#### TASK INPUTS
==*==
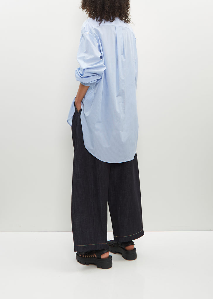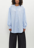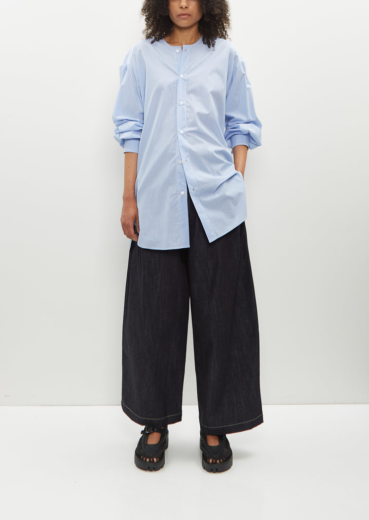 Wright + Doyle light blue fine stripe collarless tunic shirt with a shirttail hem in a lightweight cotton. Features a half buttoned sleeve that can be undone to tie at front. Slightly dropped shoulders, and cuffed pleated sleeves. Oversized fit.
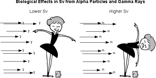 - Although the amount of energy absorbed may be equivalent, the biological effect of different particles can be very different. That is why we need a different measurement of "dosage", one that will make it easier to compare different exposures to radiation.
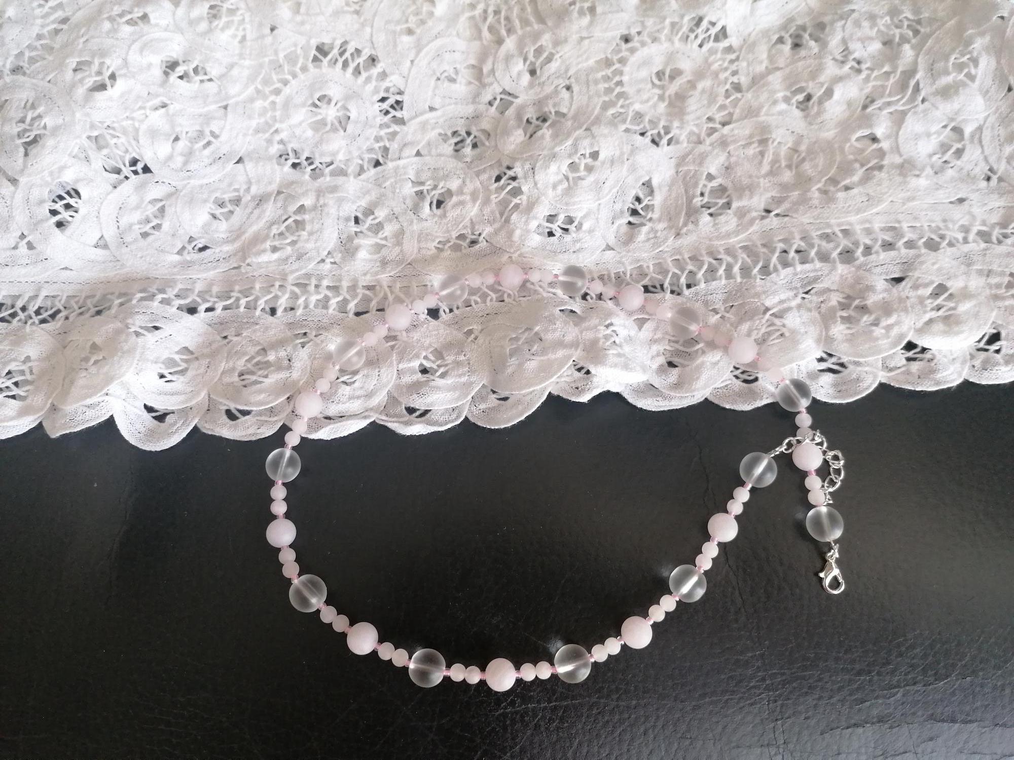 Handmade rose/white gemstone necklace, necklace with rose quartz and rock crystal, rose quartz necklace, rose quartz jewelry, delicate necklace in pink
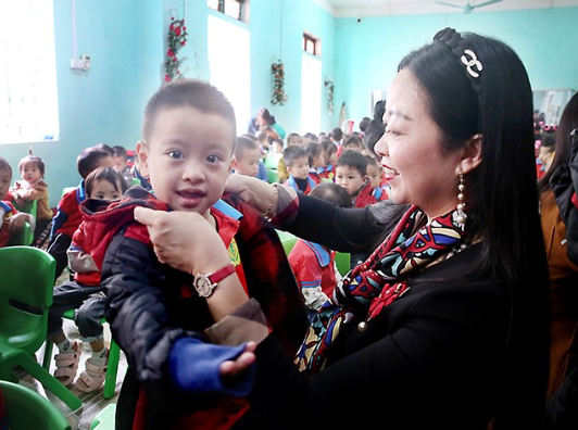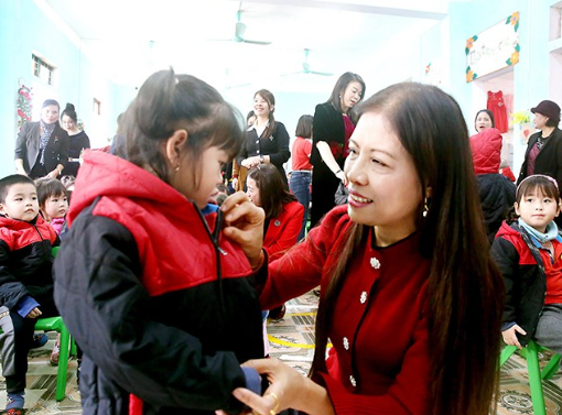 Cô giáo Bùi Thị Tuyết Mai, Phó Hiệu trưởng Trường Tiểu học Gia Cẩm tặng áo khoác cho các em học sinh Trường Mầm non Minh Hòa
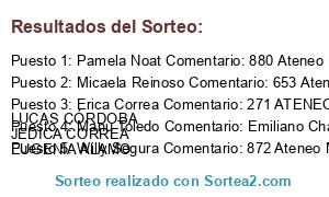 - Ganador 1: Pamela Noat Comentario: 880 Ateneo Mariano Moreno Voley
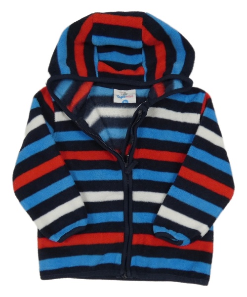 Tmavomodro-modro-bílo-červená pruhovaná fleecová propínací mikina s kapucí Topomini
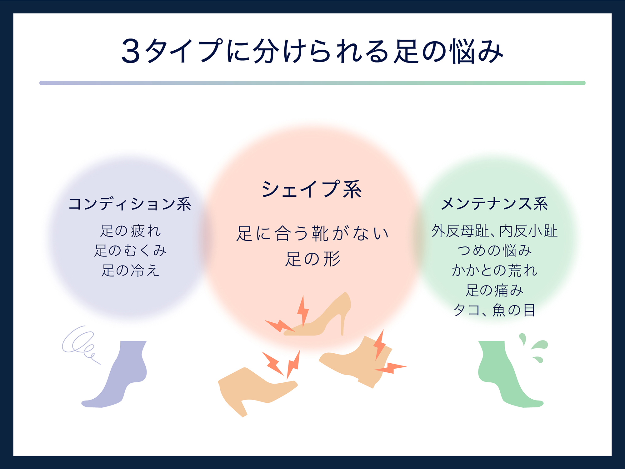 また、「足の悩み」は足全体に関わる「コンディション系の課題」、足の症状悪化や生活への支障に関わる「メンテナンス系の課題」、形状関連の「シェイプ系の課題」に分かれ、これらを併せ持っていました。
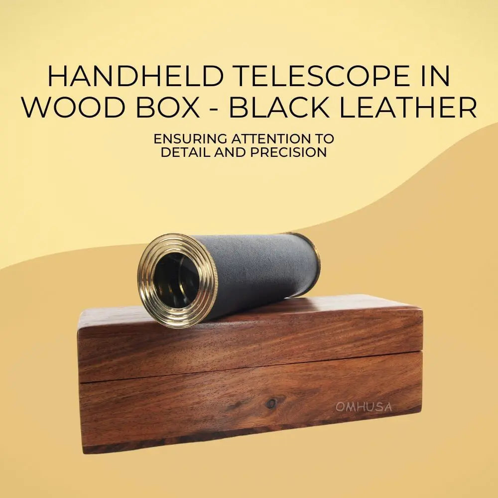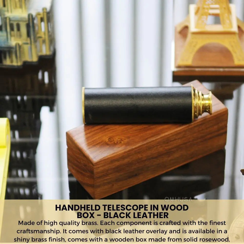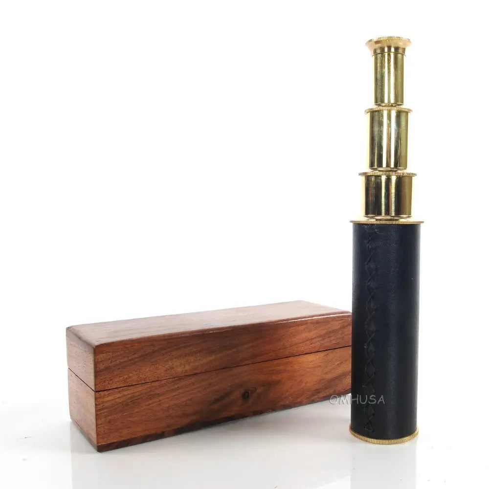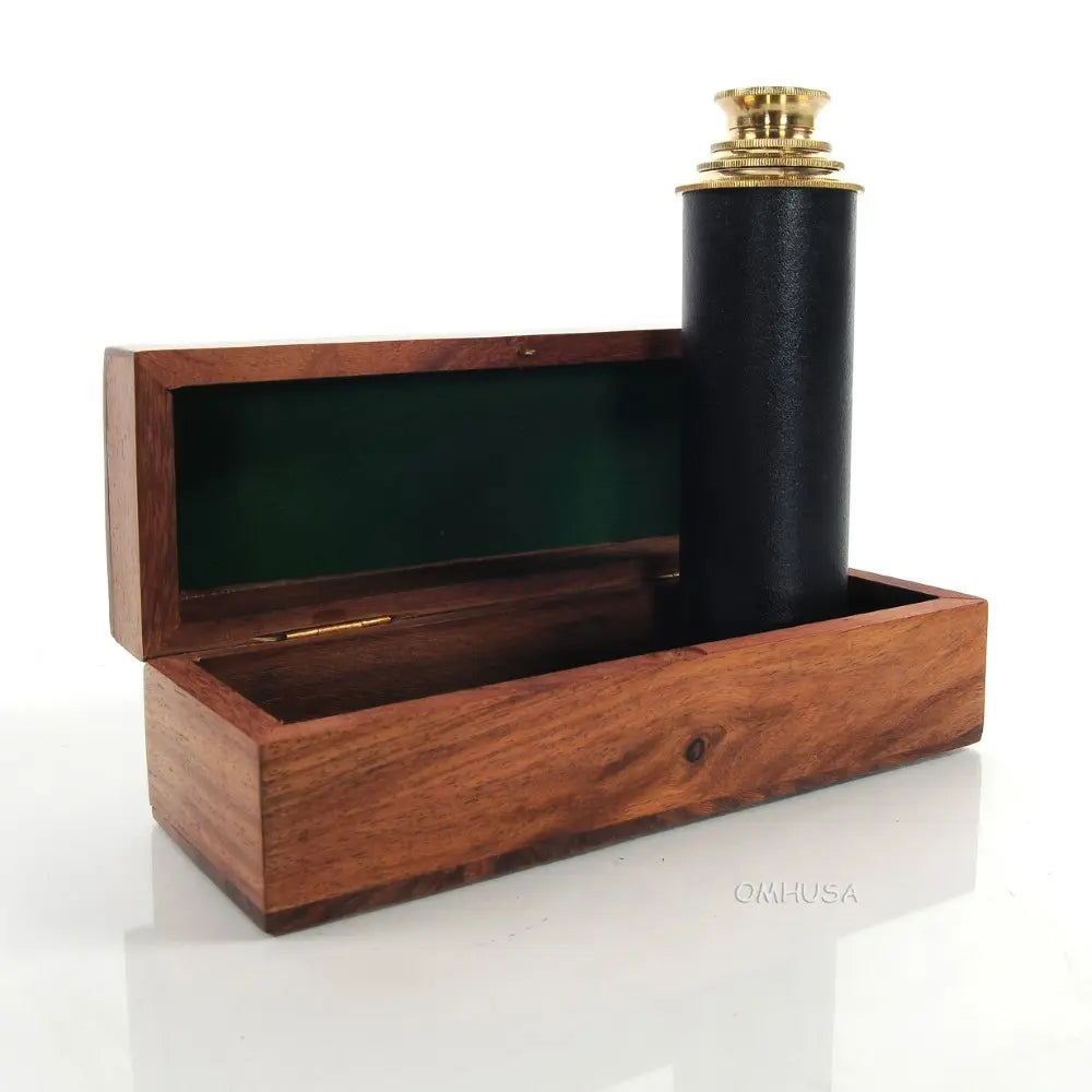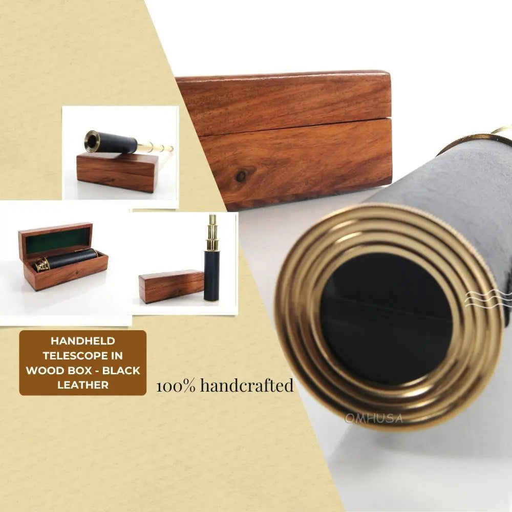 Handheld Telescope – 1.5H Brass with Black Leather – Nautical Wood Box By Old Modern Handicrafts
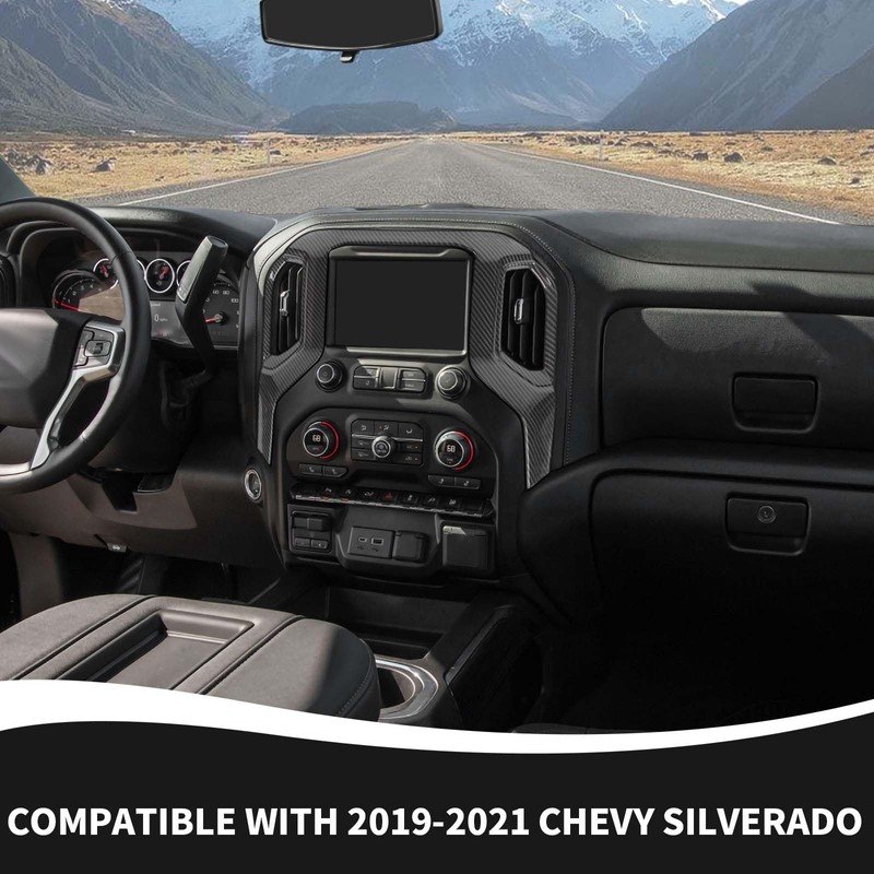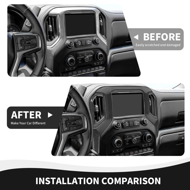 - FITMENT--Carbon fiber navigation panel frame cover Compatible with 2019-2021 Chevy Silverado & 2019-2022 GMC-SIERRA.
==*==
#### TASK REQUIREMENTS
The expected output is the whole listing, word for word, minus its pictures.

#### WRITTEN ANSWER
 Wright + Doyle light blue fine stripe collarless tunic shirt with a shirttail hem in a lightweight cotton. Features a half buttoned sleeve that can be undone to tie at front. Slightly dropped shoulders, and cuffed pleated sleeves. Oversized fit.
 - Although the amount of energy absorbed may be equivalent, the biological effect of different particles can be very different. That is why we need a different measurement of "dosage", one that will make it easier to compare different exposures to radiation.
 Handmade rose/white gemstone necklace, necklace with rose quartz and rock crystal, rose quartz necklace, rose quartz jewelry, delicate necklace in pink
 Cô giáo Bùi Thị Tuyết Mai, Phó Hiệu trưởng Trường Tiểu học Gia Cẩm tặng áo khoác cho các em học sinh Trường Mầm non Minh Hòa
 - Ganador 1: Pamela Noat Comentario: 880 Ateneo Mariano Moreno Voley
 Tmavomodro-modro-bílo-červená pruhovaná fleecová propínací mikina s kapucí Topomini
 また、「足の悩み」は足全体に関わる「コンディション系の課題」、足の症状悪化や生活への支障に関わる「メンテナンス系の課題」、形状関連の「シェイプ系の課題」に分かれ、これらを併せ持っていました。
 Handheld Telescope – 1.5H Brass with Black Leather – Nautical Wood Box By Old Modern Handicrafts
 - FITMENT--Carbon fiber navigation panel frame cover Compatible with 2019-2021 Chevy Silverado & 2019-2022 GMC-SIERRA.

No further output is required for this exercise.